After concentrating the collected three serum-free virus solutions by 2 times, respectively, carrying out inactivation treatment (the inactivation condition is formaldehyde with the final concentration of 0.055-0.2 wt% at 38 ℃ for 36 hours) to obtain three inactivated virus serum-free concentrated solutions, mixing the three inactivated virus serum-free concentrated solutions, and then mixing and emulsifying the mixed solutions with Freund's adjuvant according to the volume ratio of 1 to prepare the triple inactivated vaccine containing the inactivated FPV, the inactivated FHV and the inactivated FCV.
(2) Feeding of laying hens
Feeding 25-26 weeks old laying hens with a mixed feed, controlling the feeding environment temperature to be 13-25 ℃, the air humidity to be 55-65% and the illumination time to be not less than 15h every day, wherein the mixed feed contains 0.05wt% of L-theanine, 0.03wt% of Piper methysticum, 0.006wt% of vitamin E, 0.01wt% of zinc sulfate and 0.01wt% of taurine based on the total weight of the mixed feed;
(3) Immunization of egg-laying hens
1 week after feeding is started in the operation (2), injecting and immunizing laying hens in a healthy state and with good laying rate by using the triple inactivated vaccine obtained in the step (1) under dark light, wherein the immunization times are three times, the first immunization dose is 1.5 ml/egg, and the immunization parts are neck subcutaneous and bilateral leg muscles; the second immunization dose is 2 ml/mouse, and the immunization parts are neck subcutaneous and breast muscle; the third immunization dose is 2.5ml per mouse, and the immunization parts are neck subcutaneous part and chest subcutaneous part; the first two immunizations were separated by 14 days, and the third immunization was performed 21 days after the second immunization.
After the third immunization, collecting eggs, separating the eggs from egg white and yolk, and respectively measuring the neutralizing antibody titer of the FPV egg yolk antibody, the FHV egg yolk antibody and the FCV egg yolk antibody in the yolk, wherein when the neutralizing antibody titer of the FPV egg yolk antibody in the immunized eggs is not less than 1.
(3) And (3) disinfecting the immune eggs collected in the step (2), and performing aseptic separation on egg yolks to obtain the triple egg yolk antibody for the cats.
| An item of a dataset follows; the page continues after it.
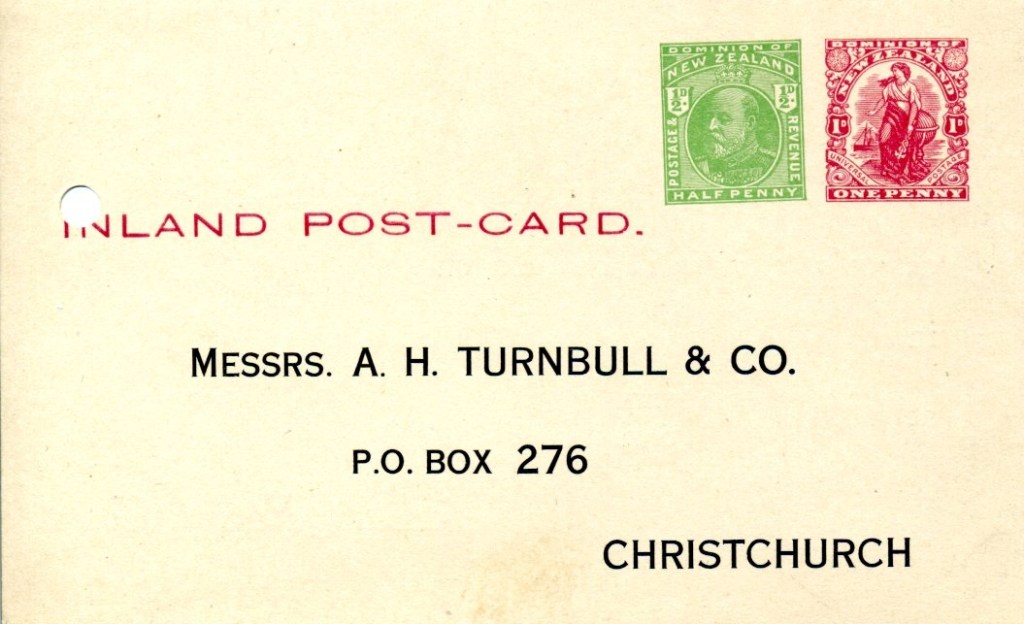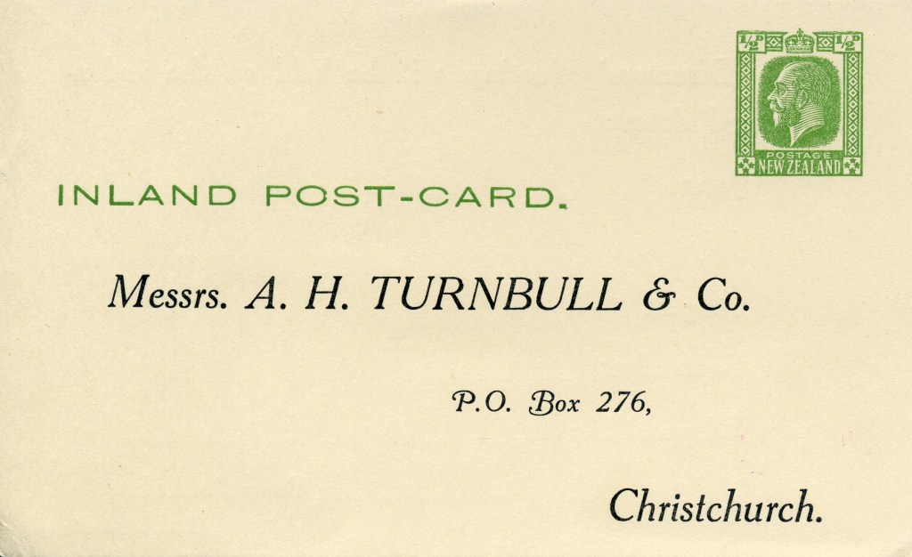 Notes: Printed address for A.H. Turnbull – it is assumed the same card can be found without printed address.

In this example, the immunized eggs from 10 th to 180 th days after the third immunization were collected, the titer of each yolk antibody in the eggs after 180 days was lower than the collection standard, and the collection was stopped, during which the average laying rate of the laying hens was 78.5%. Titer measurements were performed on the cats produced in this example using the triple egg yolk antibody, wherein the neutralizing antibody titer of the feline parvovirus egg yolk antibody was 1.
Example 2
A triple egg yolk antibody for cats was prepared according to the method of example 1, except that: in this example, the first immunization dose was 1 ml/mouse, the second immunization dose was 2 ml/mouse, and the third immunization dose was 2 ml/mouse.
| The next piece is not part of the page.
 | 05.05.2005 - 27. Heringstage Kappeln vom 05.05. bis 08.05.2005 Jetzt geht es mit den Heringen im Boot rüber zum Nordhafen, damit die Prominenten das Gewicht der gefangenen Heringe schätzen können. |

In this example, the immunized eggs 12 to 150 days after the third immunization were collected, and after 150 days, the titer of each yolk antibody in the eggs was lower than the collection standard, and the collection was stopped, and during the collection period, the laying rate of the laying hens was 79.1% on average. Titer measurements were performed on the cats produced in this example using the triple egg yolk antibody, wherein the neutralizing antibody titer of the feline parvovirus egg yolk antibody was 1.
Example 3
A triple egg yolk antibody for cats was prepared according to the method of example 1, except that: in this example, the first immunization dose was 1.5 ml/mouse, the second immunization dose was 1.5 ml/mouse, and the third immunization dose was 2.5 ml/mouse.
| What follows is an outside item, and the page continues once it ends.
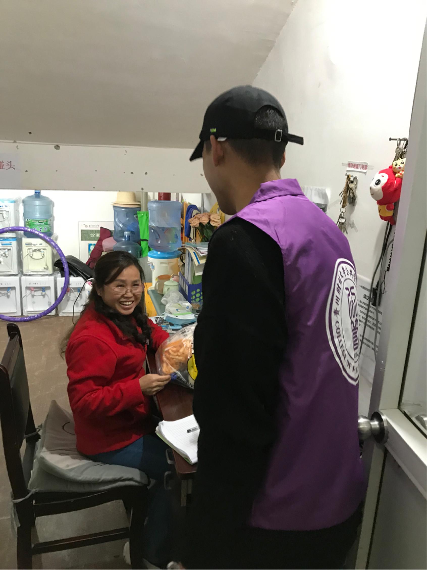 学生们手捧大礼包,走进保安岗亭、宿管办公室、保洁人员工作场所,同他们亲切交谈,倾听他们的“贵财故事”,并详细了解了安保工作人员、后勤工作人员、宿管人员的生活状态,了解他们的实际困难,向保持校园安全、美丽、和谐氛围而辛勤付出的安保、宿管、保洁人员送去了节日祝福,并代表百合小说 全院师生向默默付出的劳动者们致以诚挚的感谢。

In this example, the immunized eggs from 10 th to 150 th day after the third immunization were collected, and after 150 days, the titer of each yolk antibody in the eggs was lower than the collection standard, and the collection was stopped, and during the collection period, the laying rate of the laying hens was 79.2% on average. Titer measurements were performed on the cats produced in this example using the triple egg yolk antibody, wherein the neutralizing antibody titer of the feline parvovirus egg yolk antibody was 1.
Example 4
A triple egg yolk antibody for cats was prepared according to the method of example 1, except that: in this example, the first two immunizations were separated by 10 days, and the third immunization was performed 21 days after the second immunization.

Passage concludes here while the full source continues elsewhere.